在老廃止 年金繰り下げ受給のデメリットが小さくなる

NEWSポストセブン / 2019年6月20日 16時0分

在職老齢年金の廃止は60歳以降の働き方の常識を変える

 政府は、6月11日発表の「経済財政の基本方針(骨太の方針)」で、働く高齢者の年金を減額する「在職老齢年金制度」(在老)の“廃止”を打ち出した。現在、60~64歳までは月給と年金の合計収入が28万円、65歳以上は47万円を超えると働き続ける限り年金がカット(支給停止)される。早ければ2021年に廃止となる。

 在職老齢年金によるカットが廃止されることで、「得する年金術」の常識も大きく変わることを知っておきたい。

 年金を70歳まで繰り下げて受給すると、毎月の年金額は42%増える。だが、現行制度では当座の資金に余裕がある人が繰り下げを選んでも、「思いのほか年金が増えない」という事態に陥ることがある。

 なぜ、「思いのほか増えない」と思うのかといえば、これは在職老齢年金が原因だ。65歳以上の人が働きながら年金を受け取る場合、カットとなる基準は、「毎月の給料と年金の合計が47万円以上」に変わる。社会保険労務士の北山茂治氏が解説する。

「この基準を超えるのは、企業の役員クラスなどに限られますが、“どうせカットされるなら繰り下げて年金を増やそう”と考えても、思い通りにはいきません。『カットされたはずの年金は繰り下げても増えない』という仕組みがあるからです」

 65歳で月給50万円、年金の報酬比例部分が月額10万円の場合。65歳から年金を受け取ろうとすると、6万5000円がカットされる(ケース【6】)。

 

「これを繰り下げても、増額されるのは“カットされなかった年金3万5000円分”だけ。本来、月額10万円の年金を5年繰り下げれば14万2000円になるところ、11万4700円にしかならない」(北山氏)

 5年も受給を我慢して約15%しか増えないのだ。これが在老の廃止で、働きながら繰り下げても42%増の恩恵をまるまる受けられるようになる(ケース【7】)。

 このように、在職老齢年金の廃止は60歳以降の働き方の常識を変え、「老後資産」の形成に大きなインパクトを与える。
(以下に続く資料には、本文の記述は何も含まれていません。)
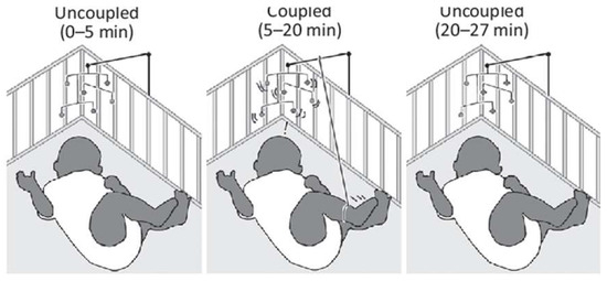 A second application commences with Kelso’s study on the emergence of agency [33]. At the core of Kelso’s paper is a seminal experiment conducted by the late Carolyn Rovee-Collier (1942–2014) and her associates regarding the phenomenon called mobile conjugate reinforcement (MCR), as illustrated in Figure 6. A typical MCR experiment starts with a ribbon attached from a 3-month-old infant’s foot to a mobile suspended overhead. As illustrated in Figure 6 left, at the beginning, the mobile is still while the baby exhibits spontaneous kicking—the baby and mobile are uncoupled. After some time (t = 5, Figure 6 middle), as the baby realizes that by kicking it can make the mobile move, the baby and the mobile are coupled and the baby’s kick rate and the amplitude of the mobile movement rapidly increase up to a steady state. Moreover, the phase relation between the baby’s leg movement and the motion of the mobile increases, characteristic of a resonant coupled state. At t = 20, the baby and the mobile are again uncoupled; the kick rate decays back to a baseline level. Based on a theoretical/mathematical study by Kelso and Fuchs [33] that uses the concepts, methods, and tools of coordination dynamics, Kelso [33] concluded:
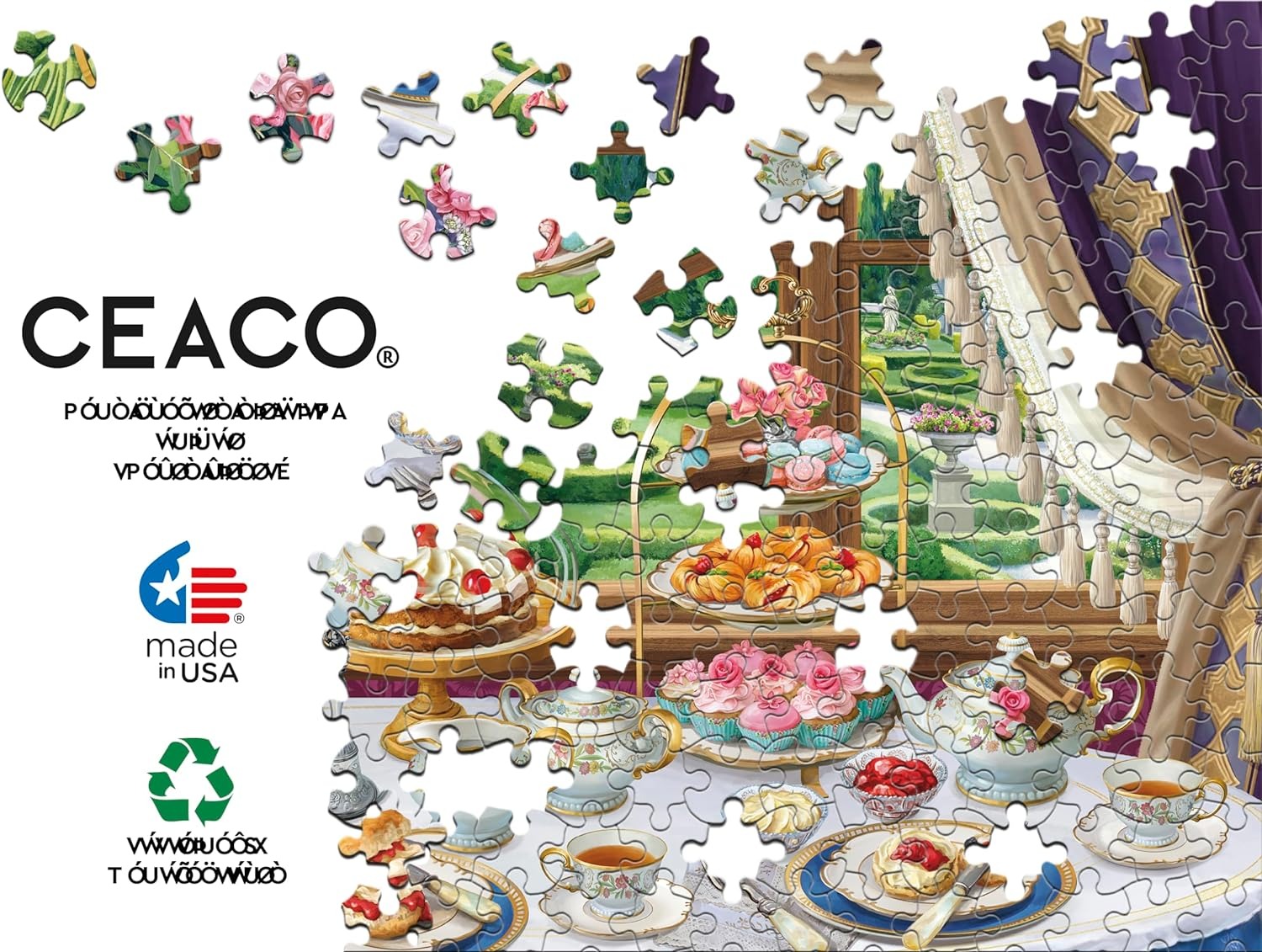 Ceaco is een Amerikaans puzzelmerk. De puzzelstukjes zijn wat dunner dan normaal en voelen ook lichter aan. Ze hebben een normale grootte. Wordt in rastervorm gelegd met heel veel variatie in de puzzelstukjes. De kleuren zijn warm.

だが、それに備えるには第2の人生のライフプランそのものの見直しと十分な準備期間が必要だ。

 たとえば、定年後の雇用延長期間に時短勤務で働いている人が、在老廃止直前になって慌てて「年金を減らされないなら、これからはフルタイムで働かせてくれ」と会社に申し入れても、すぐ働き方の変更を認めてもらえるとは限らない。

 ましてや、年金カット廃止を機に、給料と年金のダブル受給で老後資産を大きく増やそうと思うのであれば、現役時代に近い給料水準を維持しなければならない。そのためには、50代後半から定年後の雇用延長や再就職に備えてスキルを高めておくことも重要だ。

 在老が廃止されるのはまだ2~3年先だと考えられるが、その準備は今から始めないと間に合わない。